Overview of Current DSP Status

Digital Signal Processor is one of the milestones on the path taken by the computing elements in electronics. When the regular microprocessors and microcontrollers were struggling to handle complex calculations, DSP devices came into picture to rescue the designers from the pain in developing tough algorithms for their applications. In fact the DSP devices have acquired power either to make or kill the applications in many fields.
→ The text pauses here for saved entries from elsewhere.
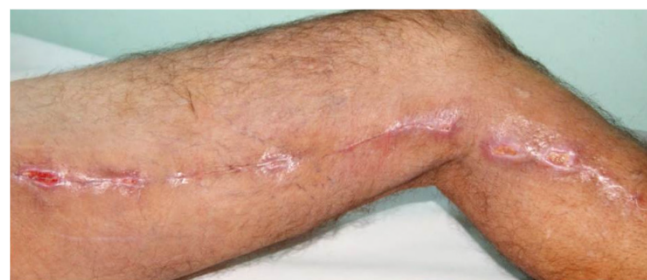
Fig. 3 – Photograph showing infection in a patient undergoing saphenectomy with Vicryl Plus suture.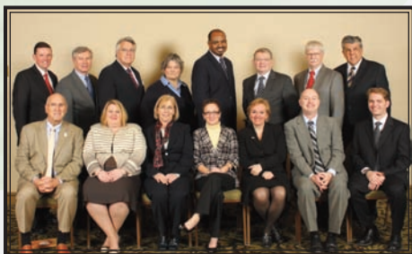
Faculty Advisers for Participating Teams

Make plans to attend next year's event on February 16, 2012 at the Wynfrey Hotel in Birmingham.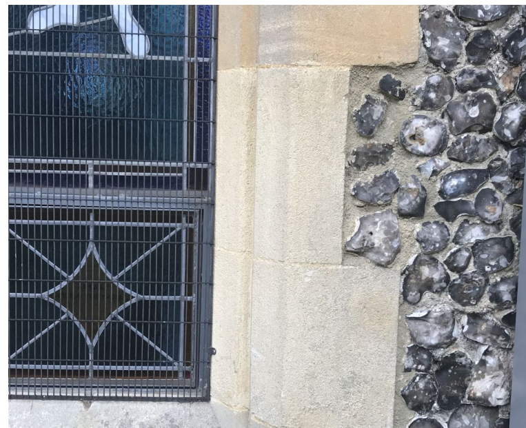
MF7 - Stone Detail and Quoins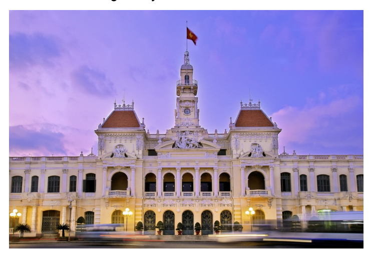
Day 12: Ho Chi Minh - Mekong Delta - Can Tho (B, L) Today we will start our exploration of the Mekong Delta, a major rice producing area. This must be one of the most fascinating riverine deltas in the world. After breakfast, drive to Cai Be in the heart of the Mekong Delta.

Optional tour – Ho Chi Minh Vespa Tour: Experience as local people with a Vespa and escorted by a driver, visiting the city landmarks that give you a view of the city unlike anything on your Vietnam tour. Take a peek at the history, the streets and the sights that most visitors never even hear about or see. You will pass through the Chinese district of Saigon, stop to see a sweet smelling flower market and visit a breathtaking yet hidden Buddhist pagoda, Saigon Opera House & Post Office which were designed by Gustave Eiffel.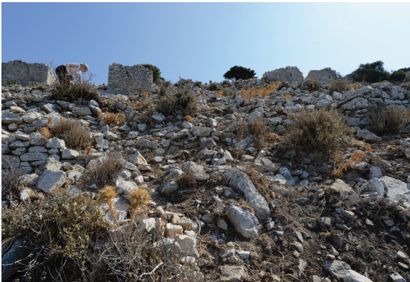
Figure 19. Drystone (and partly collapsed) wall on the west side. Q on fig. 2.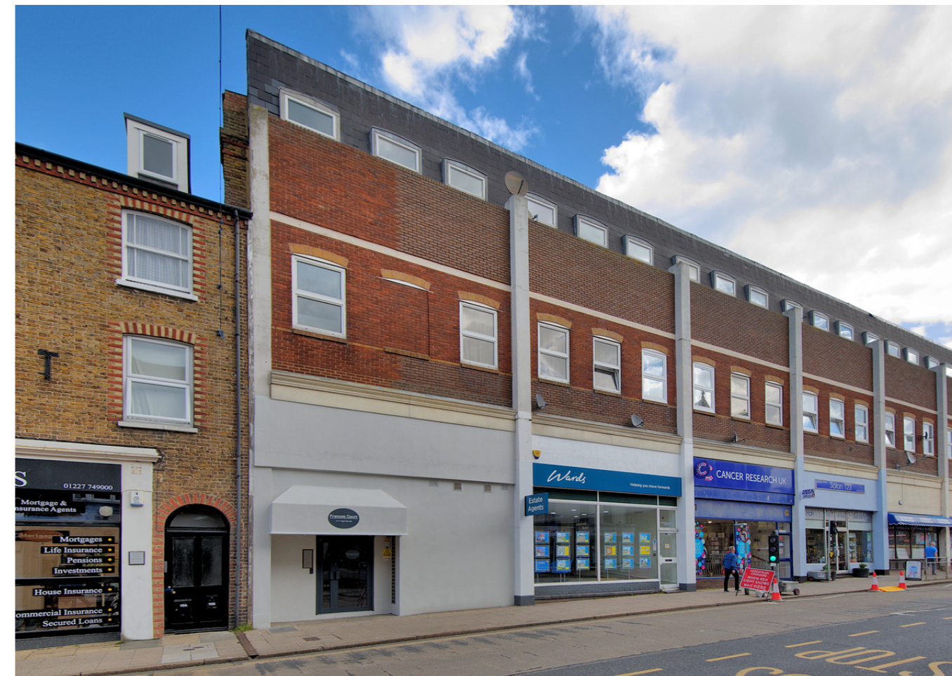
Flat 12 Frances Court 117 High Street, Heme Bay, Kent, CT6 5LA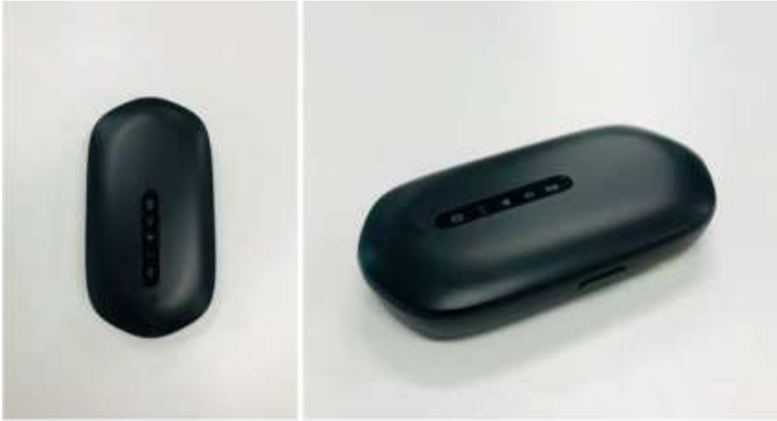
Figure 1. – Vector S7 wearable Device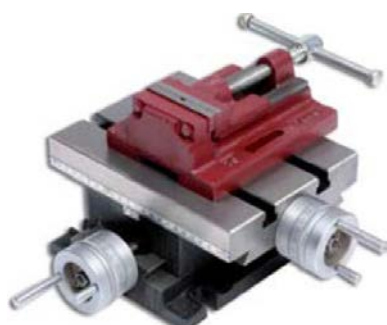
Standard, Fixed Base with Machine Vice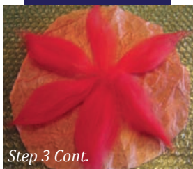
Step 3 Cont.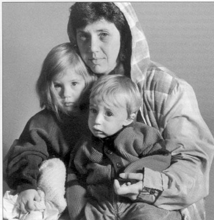
Sociologists study wealth and poverty to discover how social choice patterns affect income level.

While most sociologists focus on the effects of social group membership on human behavior, others center their research and theoretical thinking on how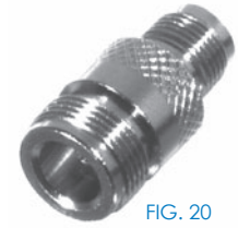
FIG. 20 RFT-1239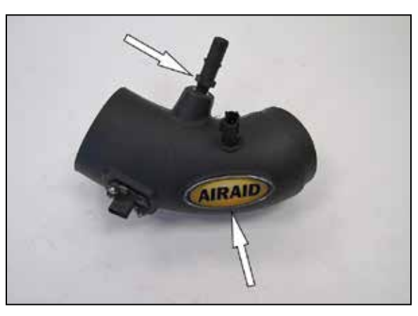
12. Install the provided quick connect vent fitting and AIRAID® decal onto the AIRAID® intake tube as shown. NOTE: Plastic NPT fittings are easy to cross thread. Install the vent fitting "hand" tight, then turn it two complete turns with a wrench.

NOTE: Some vehicles may not be equipped with the mass air sensor, If your vehicle does not have a mass air sensor install the provided block off and gasket.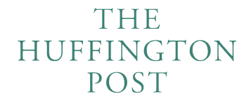
THE HUFFINGTON POST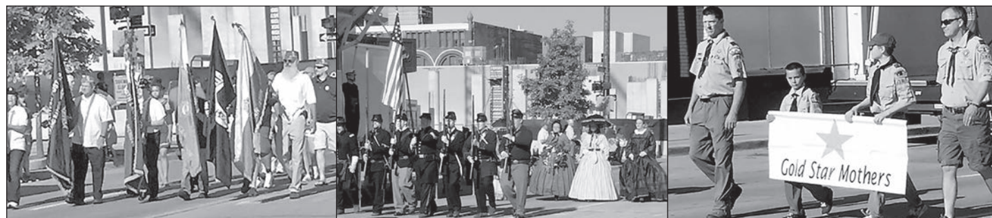
Grand Rapids Memorial Day Parade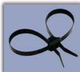
Dual Loop Cable Ties

ACT ADVANCED CABLE TIES, INC. 245 Suffolk Lane, Gardner, MA 01440 Phone: 800.861.7228 - Fax: 978.630.3999 sales@actfs.com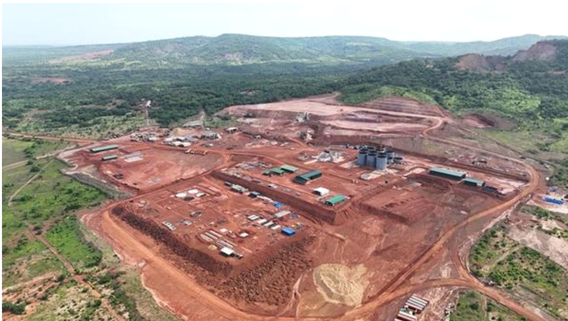
Figure 1: Aerial view of the Kiniero site showing process plant and infrastructure (9 June 2025)

QUEBEC CITY, June 13, 2025 -- West African gold producer and developer Robex Resources Inc (" Robex " or the " Company ") (ASX: RXR | TSX-V: RBX | OTC: RSRBF | Börse Frankfurt: RB4) is pleased to provide a June 2025 project construction update for its Kiniero Gold Project in Guinea, West Africa. Robex is on track to deliver first gold at Kiniero in Q4 2025.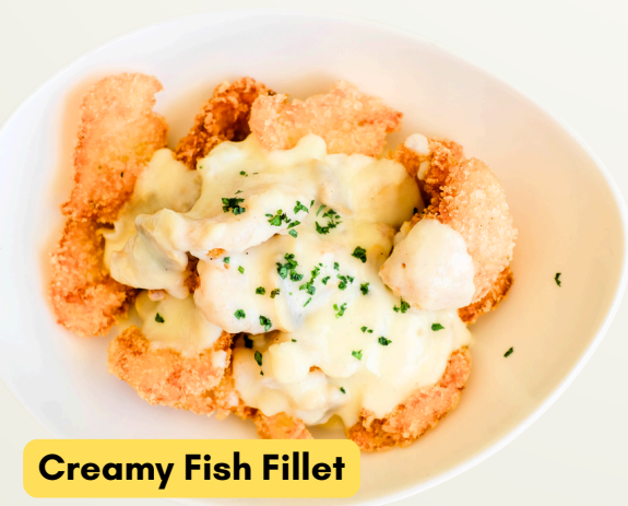
Creamy Fish Fillet

Pan Seared Marinated Garlic Milkfish, Tofu, Mayonnaise Onion, Ginger, Chili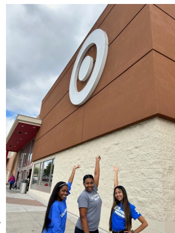
Staff members at Target while filming a promo video

Every 90 days, Target features 5 nonprofits doing good in the local community. As one of the featured organizations, CollegeBound is hoping to shed light on the successes of Baltimore City Schools' students and how we can grow to do more for them. For more information on Target Circle and how to vote for CollegeBound, visit target.com/circle .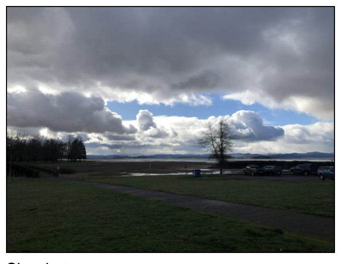
Sky shot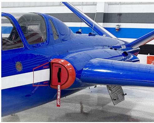
Fouga Magister CM170 Intake Plugs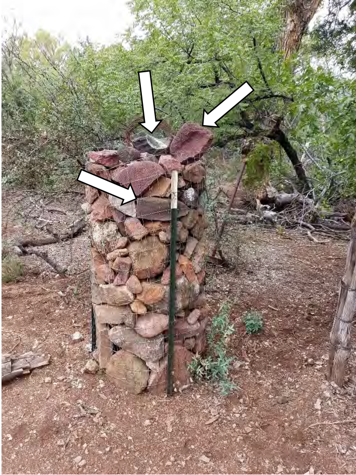
Several metates can be see displayed in a rock gabion adjacent to the Arizona Trail, next to Polk Spring.

I met with back up with Tyler nearby and we continued back to the trail head. Tyler shared with me what he saw in Oak Grove pasture. He had inspected the Oak Grove trap which was assigned to be completed by August 1, 2018. The fence around the trap was standing, although condition of the trap is poor.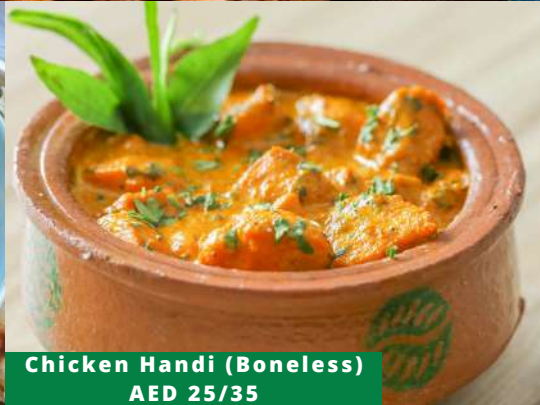
Chicken Handi (Boneless) AED 25/35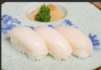
Ika Nigiri いか squid

During the days of 8031 Derivatives, Motorola, Rockwell, Microchip, Zilog parts, when designers were struggling to handle complex mathematical functions, DSP devices helped them manage their applications relatively easy. In many cases, where real time performance were expected, these devices saved the designers from frustration. It is obvious that with given enough time, any computing element can execute the assigned task. But real time systems demand immediate results, most of the time at the blink of eyes, to complete their working and this demands more processing power from the computing elements within the allotted time. But having more processing power is only half the story and the processor should have proper architecture to get more data and code simultaneously to manage fast incoming signals producing the new required output signals with the same rate. The architecture has to be designed exclusively for this purpose with special features. Then the processor should have power to finish requiring supervisory functions to complete the applications.

But the arrival of DSP devices enabled designers undertake many Signal processing applications in audio, video, communication, instrumentation and control systems with ease and confidence. Many stand-alone equipments producing fast real time results came into existence just because of these devices. Naturally the semiconductor major, Texas Instruments, became more popular by launching these devices first and soon many others also followed the suit with their offerings. When TI introduced first generation DSP parts with 5 MIPS capability, everybody was surprised,because at that time, only with mainframe computers, users could get equivalent power. TI went on to create an ecosystem for these parts as a part of their marketing, which was first of its kind that time and then created history.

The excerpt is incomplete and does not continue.